The problem is that these basic rules of thumb and experiences in human factors are not part of the design discourse about the primary tools we build for ourselves: programming languages and APIs. We ought to change this. If we can learn from human factors to do things better, we will be able to write code with fewer bugs. And because it will be easier, we can spend less time learning how to do stuff and more time doing it. The study of human factors is for humans, not for GUIs. And (see above) programmers are humans.

So let’s proceed from the following theorem: An API or programming language is a user interface to the programming model that is being presented to the user (the programmer).

Let’s look at several typical rules of thumb for human factors and see how they might be applied.

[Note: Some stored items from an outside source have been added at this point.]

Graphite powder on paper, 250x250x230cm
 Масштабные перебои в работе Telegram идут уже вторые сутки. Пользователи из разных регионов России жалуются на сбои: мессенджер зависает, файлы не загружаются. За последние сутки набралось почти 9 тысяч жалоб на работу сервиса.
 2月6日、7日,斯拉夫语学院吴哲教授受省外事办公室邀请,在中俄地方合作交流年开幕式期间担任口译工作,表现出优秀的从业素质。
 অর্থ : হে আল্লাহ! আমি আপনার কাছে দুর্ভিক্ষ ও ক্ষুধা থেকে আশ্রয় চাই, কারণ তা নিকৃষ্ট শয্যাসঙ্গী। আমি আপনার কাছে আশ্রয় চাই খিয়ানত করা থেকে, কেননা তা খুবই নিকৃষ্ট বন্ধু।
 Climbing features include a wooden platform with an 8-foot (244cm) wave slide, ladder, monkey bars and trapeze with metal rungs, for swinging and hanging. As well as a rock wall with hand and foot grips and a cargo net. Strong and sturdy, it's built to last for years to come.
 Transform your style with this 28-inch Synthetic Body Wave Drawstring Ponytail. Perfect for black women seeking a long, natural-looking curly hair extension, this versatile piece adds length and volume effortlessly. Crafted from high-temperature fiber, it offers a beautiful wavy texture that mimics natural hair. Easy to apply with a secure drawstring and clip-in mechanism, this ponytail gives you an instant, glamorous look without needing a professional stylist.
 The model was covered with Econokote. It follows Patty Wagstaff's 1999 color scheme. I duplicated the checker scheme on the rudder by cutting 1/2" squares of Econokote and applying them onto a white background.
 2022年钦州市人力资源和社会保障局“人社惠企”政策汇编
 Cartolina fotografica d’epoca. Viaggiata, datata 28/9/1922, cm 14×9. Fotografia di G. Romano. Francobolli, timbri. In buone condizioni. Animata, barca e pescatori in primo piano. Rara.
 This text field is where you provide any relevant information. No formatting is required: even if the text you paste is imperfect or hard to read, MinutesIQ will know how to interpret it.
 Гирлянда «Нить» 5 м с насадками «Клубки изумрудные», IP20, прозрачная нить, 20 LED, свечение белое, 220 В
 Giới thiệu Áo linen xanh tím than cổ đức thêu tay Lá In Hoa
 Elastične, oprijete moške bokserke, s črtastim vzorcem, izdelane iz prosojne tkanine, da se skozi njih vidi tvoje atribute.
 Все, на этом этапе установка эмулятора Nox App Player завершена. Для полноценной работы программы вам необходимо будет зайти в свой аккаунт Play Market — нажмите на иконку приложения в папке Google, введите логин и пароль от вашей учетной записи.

Similar things should look similar. If two things mean the same or very similar things, they should be presented in ways that express that similarity. In a GUI this would mean that no matter how many ways and reasons there are to open files, the basic interaction for opening files should be the same. For an API this might mean that if there are multiple things that can be started and stopped, then the same terms should be used for each kind of thing. It would be important to pick, for example, “start” and “stop” and use them for all starting and stopping, rather than have some places where you end execution using “end” or “terminate” or “close” or “destroy.”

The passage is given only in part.